The meeting held on 19 September 2017 was the first step in a bid to streamline drug authorisation decisions across Europe.
The EMA said it hoped collaboration between regulators and healthcare payers, including insurers and health mutual, would help to improve and speed up patients’ access to new treatments, particularly in the challenging field of medicines for rare diseases — orphan medicines.
EMA met representative bodies including the Association Internationale de la Mutualité, the European Social Insurance Platform, the Medicine Evaluation Committee, and the Mechanism of Coordinated Access to Orphan Medicinal Products, a group campaigning for access to products for rare diseases.
Patient access to new medicines in the EU currently begins with marketing authorisation, which is granted following the assessment of the benefits and risks of a medicine by a regulatory authority such as the EMA. Pricing and reimbursement decisions are then adopted by healthcare payers at a national and regional level.

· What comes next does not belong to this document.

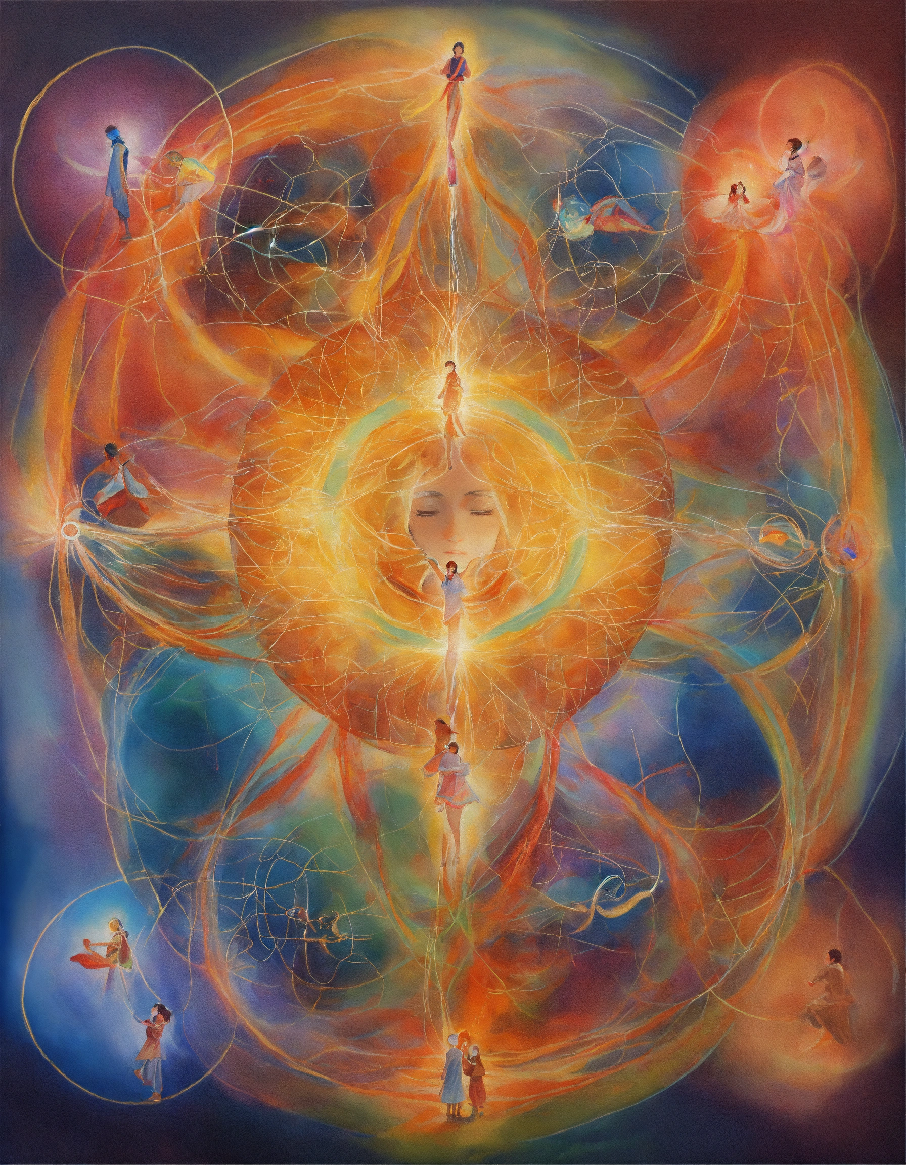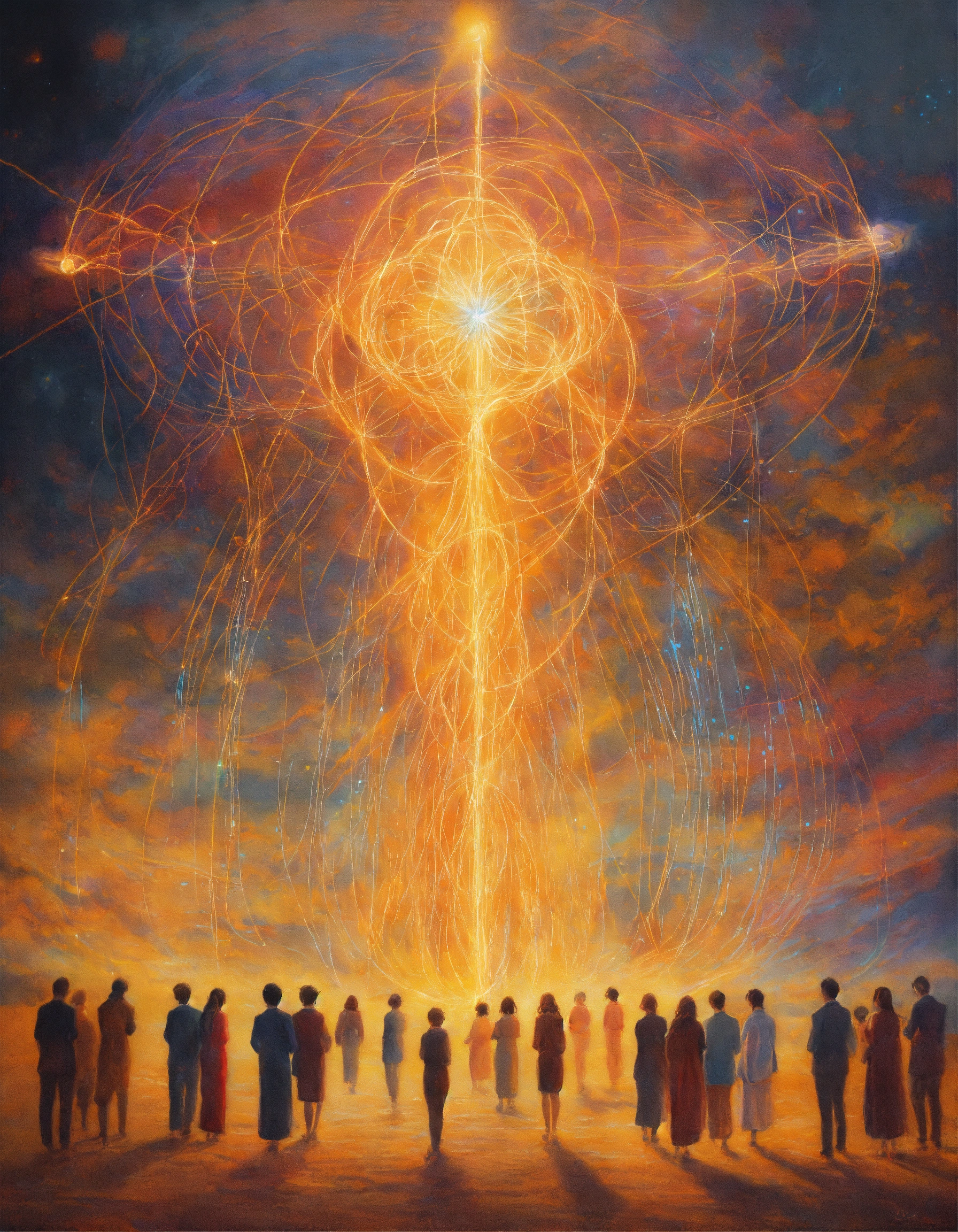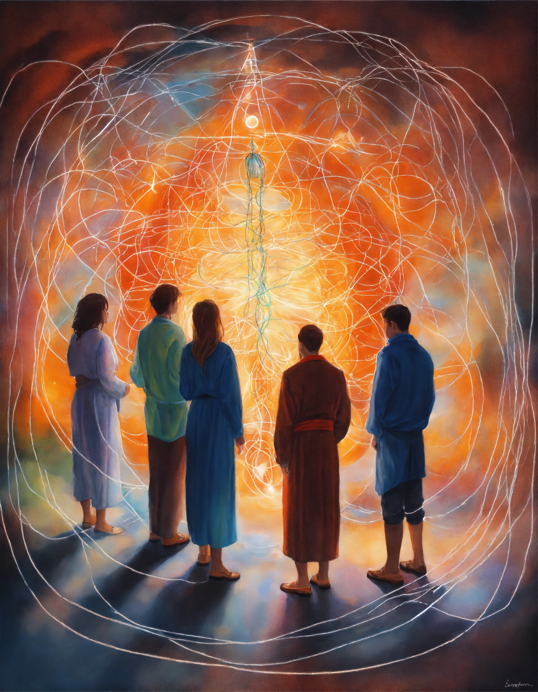 Drawing painting of a system of spiritual energetic entanglement, 8 people connected to each other by spiritual threads of light, everbody is sad, spiritual art

But the EMA said delays can occur in negotiations because drug developer companies focus on the safety, efficacy and quality of a medicine without always providing sufficient evidence around pricing and cost-effectiveness. As a result, more research is needed post-authorisation before a drug can be released to market, thereby slowing down the introduction of new medicines.
EMA executive director Guido Rasi said regulators and payers had an increasingly important role as enablers of medicine development.
“Our co-operation can help medicine developers to address some of the inefficiencies of the current system of clinical research, so that they become better at generating the evidence each of us needs for good decision-making,” he said.